Task statement:
Copy out exactly the stretch below, from the line with "создания живой изгороди." through the line with "Samotné dvířka, stromeček, rohožku", both included; the pictures stay out.

── Material provided

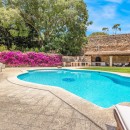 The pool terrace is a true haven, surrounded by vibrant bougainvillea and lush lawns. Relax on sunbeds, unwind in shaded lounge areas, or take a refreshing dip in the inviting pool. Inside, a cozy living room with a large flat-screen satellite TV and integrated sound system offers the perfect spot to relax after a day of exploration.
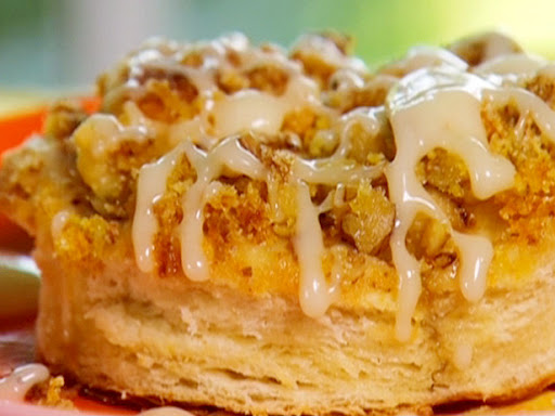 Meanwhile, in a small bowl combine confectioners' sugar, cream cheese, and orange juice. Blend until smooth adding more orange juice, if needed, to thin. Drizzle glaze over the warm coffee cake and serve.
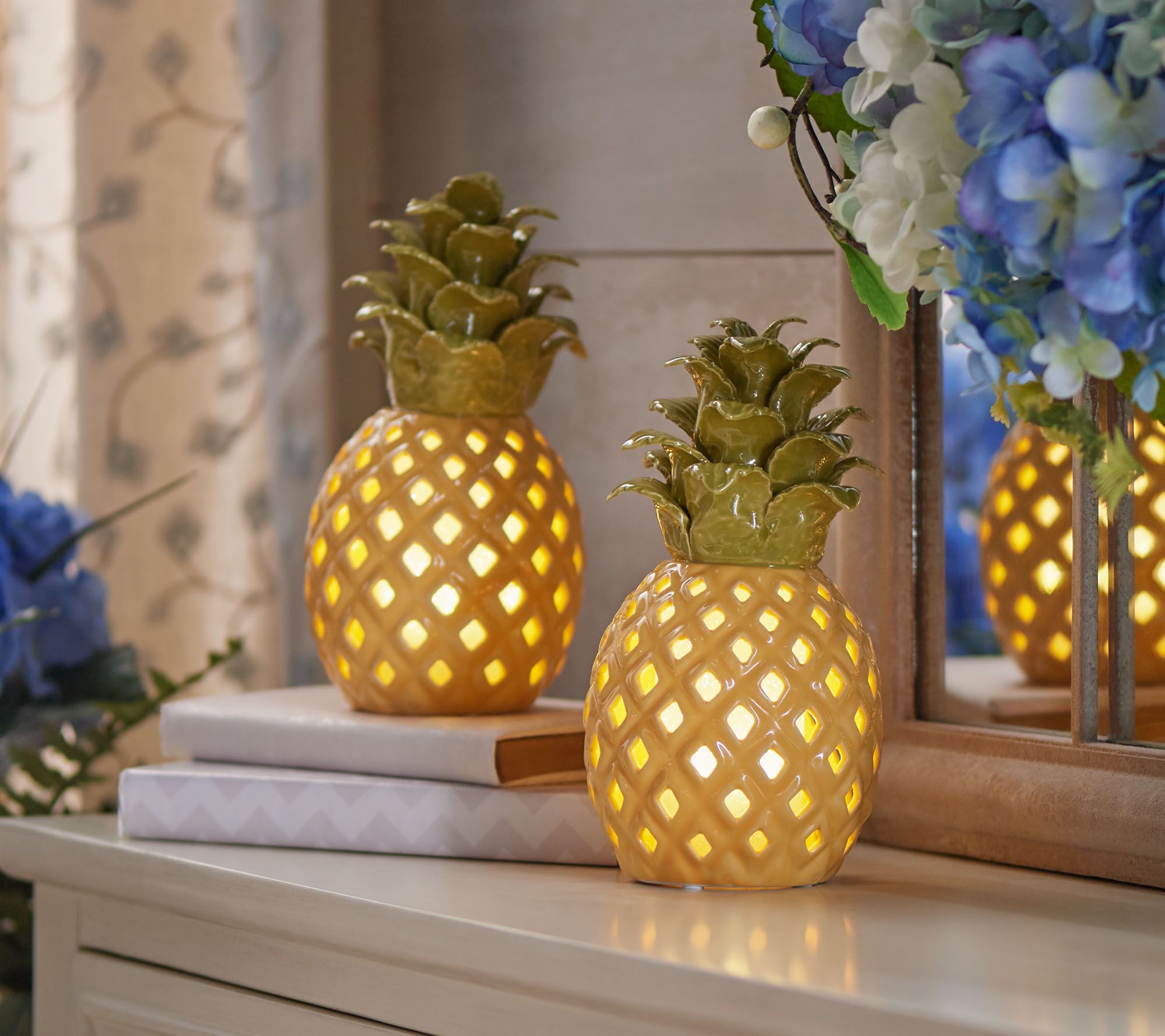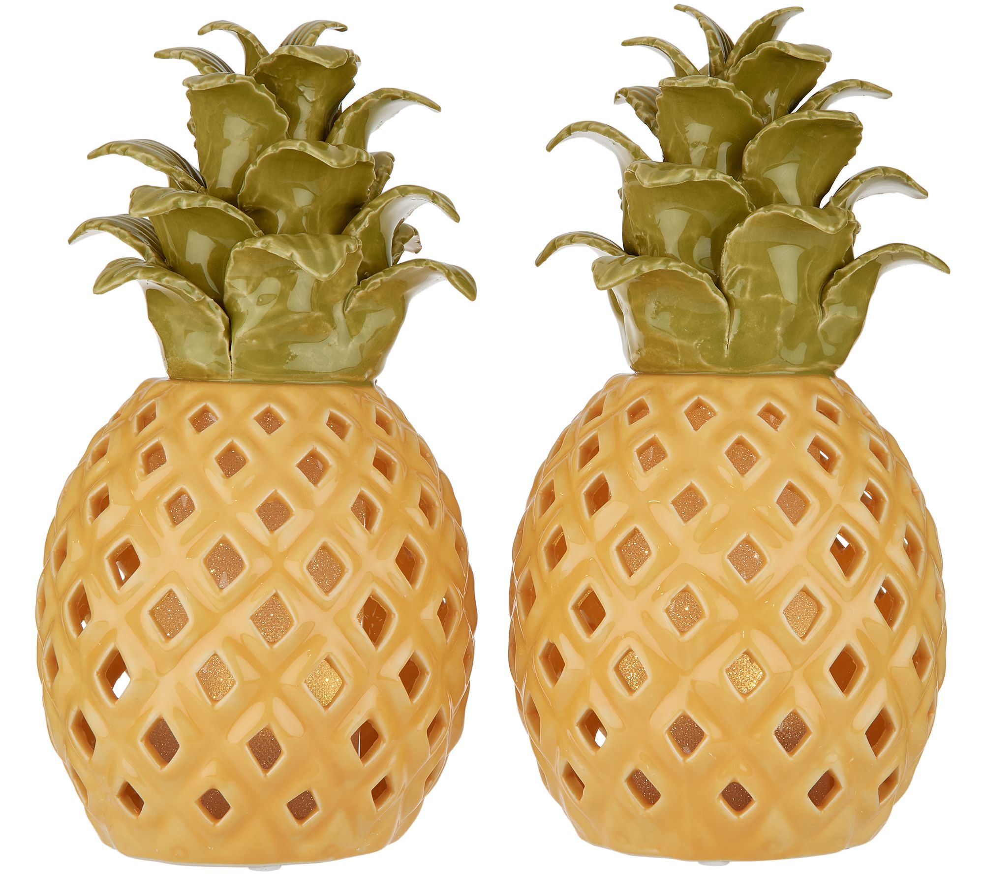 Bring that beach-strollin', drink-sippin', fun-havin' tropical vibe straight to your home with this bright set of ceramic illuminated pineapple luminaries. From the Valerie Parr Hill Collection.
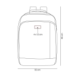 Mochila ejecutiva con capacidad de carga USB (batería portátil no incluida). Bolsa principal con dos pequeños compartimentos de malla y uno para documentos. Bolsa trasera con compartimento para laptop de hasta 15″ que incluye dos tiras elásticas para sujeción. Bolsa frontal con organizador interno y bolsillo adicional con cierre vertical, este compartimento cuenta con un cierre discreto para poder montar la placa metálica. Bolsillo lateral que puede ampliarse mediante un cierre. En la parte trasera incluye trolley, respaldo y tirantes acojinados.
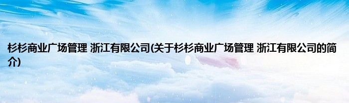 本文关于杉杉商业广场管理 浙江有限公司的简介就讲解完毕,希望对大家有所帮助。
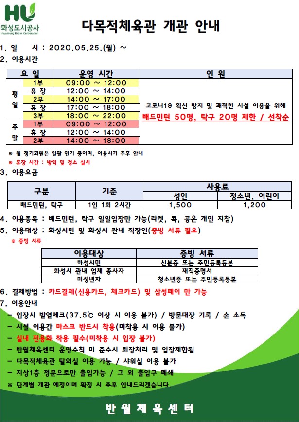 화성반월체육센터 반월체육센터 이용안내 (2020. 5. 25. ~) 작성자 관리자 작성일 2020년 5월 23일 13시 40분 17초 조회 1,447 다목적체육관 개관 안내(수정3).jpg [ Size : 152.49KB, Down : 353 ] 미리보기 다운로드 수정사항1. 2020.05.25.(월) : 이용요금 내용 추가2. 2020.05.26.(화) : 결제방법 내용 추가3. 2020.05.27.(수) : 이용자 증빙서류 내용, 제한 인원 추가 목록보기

────
── Material provided

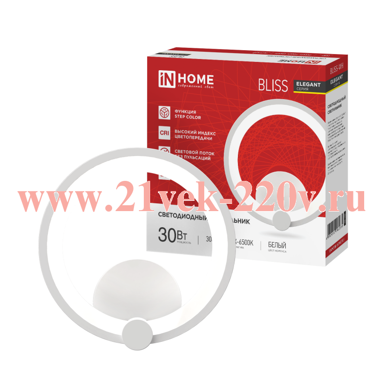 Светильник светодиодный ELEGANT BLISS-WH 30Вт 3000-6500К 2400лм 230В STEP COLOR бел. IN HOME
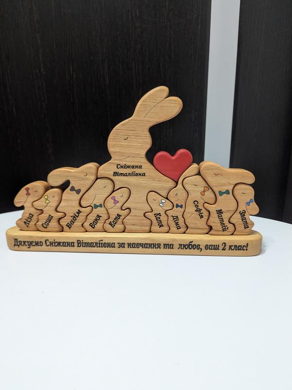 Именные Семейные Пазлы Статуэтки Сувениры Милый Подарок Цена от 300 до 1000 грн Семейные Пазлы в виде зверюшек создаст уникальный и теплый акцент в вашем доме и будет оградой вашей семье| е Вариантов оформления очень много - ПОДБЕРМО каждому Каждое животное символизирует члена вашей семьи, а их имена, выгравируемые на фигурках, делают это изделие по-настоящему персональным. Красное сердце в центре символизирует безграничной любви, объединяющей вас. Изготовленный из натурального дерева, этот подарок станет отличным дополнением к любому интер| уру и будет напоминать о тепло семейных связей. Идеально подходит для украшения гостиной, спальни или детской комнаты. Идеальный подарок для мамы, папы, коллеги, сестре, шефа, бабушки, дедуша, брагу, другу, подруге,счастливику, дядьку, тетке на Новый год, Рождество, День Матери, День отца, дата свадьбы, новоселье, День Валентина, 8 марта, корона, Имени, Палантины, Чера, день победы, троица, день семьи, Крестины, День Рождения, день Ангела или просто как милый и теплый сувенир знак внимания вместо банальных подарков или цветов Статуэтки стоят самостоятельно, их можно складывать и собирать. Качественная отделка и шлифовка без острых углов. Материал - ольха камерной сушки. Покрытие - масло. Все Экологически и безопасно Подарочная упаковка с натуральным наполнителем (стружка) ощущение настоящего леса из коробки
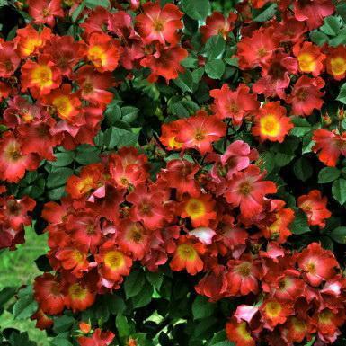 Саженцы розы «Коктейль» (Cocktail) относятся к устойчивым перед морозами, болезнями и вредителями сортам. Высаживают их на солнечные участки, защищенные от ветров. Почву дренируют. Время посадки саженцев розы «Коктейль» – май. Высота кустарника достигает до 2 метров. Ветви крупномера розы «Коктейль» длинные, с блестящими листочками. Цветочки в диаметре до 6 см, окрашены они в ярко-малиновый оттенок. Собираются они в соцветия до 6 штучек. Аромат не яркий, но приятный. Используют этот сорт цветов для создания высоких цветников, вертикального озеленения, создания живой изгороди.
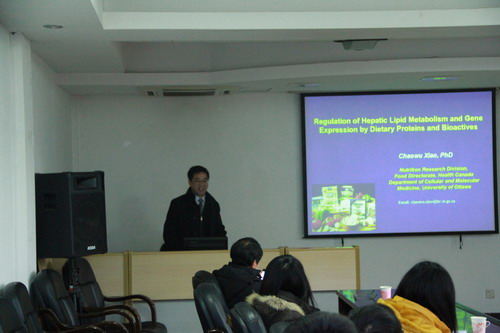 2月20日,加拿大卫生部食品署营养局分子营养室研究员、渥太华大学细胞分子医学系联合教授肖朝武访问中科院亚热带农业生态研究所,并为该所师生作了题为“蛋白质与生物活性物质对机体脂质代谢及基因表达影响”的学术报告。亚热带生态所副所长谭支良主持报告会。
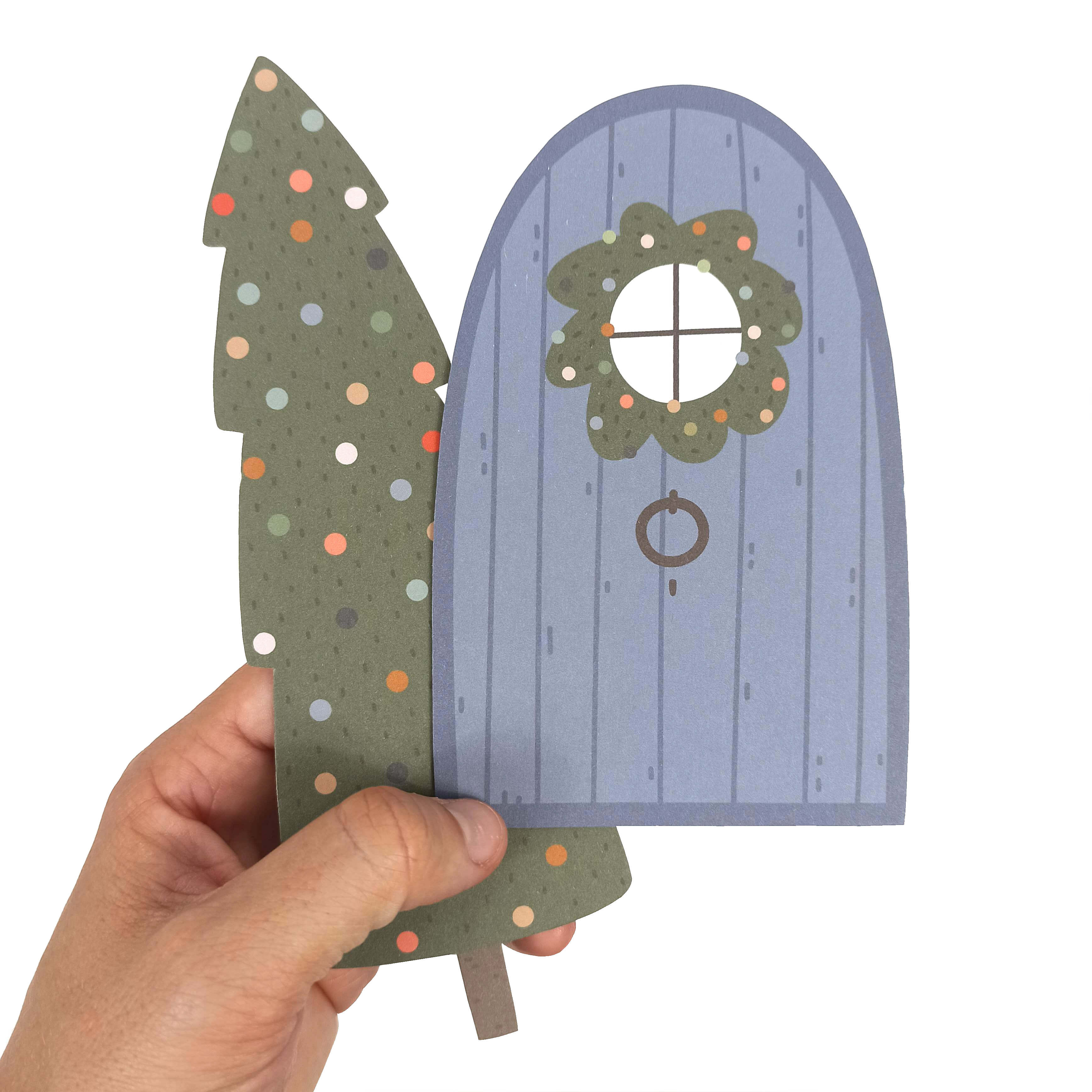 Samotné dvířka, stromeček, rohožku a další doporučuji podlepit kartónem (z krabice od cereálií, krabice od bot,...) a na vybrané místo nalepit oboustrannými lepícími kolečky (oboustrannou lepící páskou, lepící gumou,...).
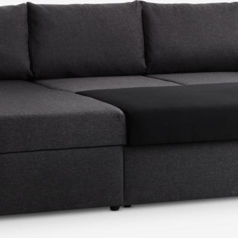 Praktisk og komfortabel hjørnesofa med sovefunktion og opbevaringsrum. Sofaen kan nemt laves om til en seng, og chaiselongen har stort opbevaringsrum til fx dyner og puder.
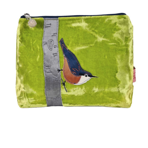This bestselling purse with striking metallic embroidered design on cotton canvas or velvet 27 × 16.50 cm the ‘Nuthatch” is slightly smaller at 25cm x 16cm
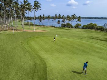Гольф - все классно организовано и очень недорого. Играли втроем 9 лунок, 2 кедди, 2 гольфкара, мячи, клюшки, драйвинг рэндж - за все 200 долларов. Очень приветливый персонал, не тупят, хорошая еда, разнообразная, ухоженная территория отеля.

────

Written response:
 Саженцы розы «Коктейль» (Cocktail) относятся к устойчивым перед морозами, болезнями и вредителями сортам. Высаживают их на солнечные участки, защищенные от ветров. Почву дренируют. Время посадки саженцев розы «Коктейль» – май. Высота кустарника достигает до 2 метров. Ветви крупномера розы «Коктейль» длинные, с блестящими листочками. Цветочки в диаметре до 6 см, окрашены они в ярко-малиновый оттенок. Собираются они в соцветия до 6 штучек. Аромат не яркий, но приятный. Используют этот сорт цветов для создания высоких цветников, вертикального озеленения, создания живой изгороди.
 2月20日,加拿大卫生部食品署营养局分子营养室研究员、渥太华大学细胞分子医学系联合教授肖朝武访问中科院亚热带农业生态研究所,并为该所师生作了题为“蛋白质与生物活性物质对机体脂质代谢及基因表达影响”的学术报告。亚热带生态所副所长谭支良主持报告会。
 Samotné dvířka, stromeček, rohožku a další doporučuji podlepit kartónem (z krabice od cereálií, krabice od bot,...) a na vybrané místo nalepit oboustrannými lepícími kolečky (oboustrannou lepící páskou, lepící gumou,...).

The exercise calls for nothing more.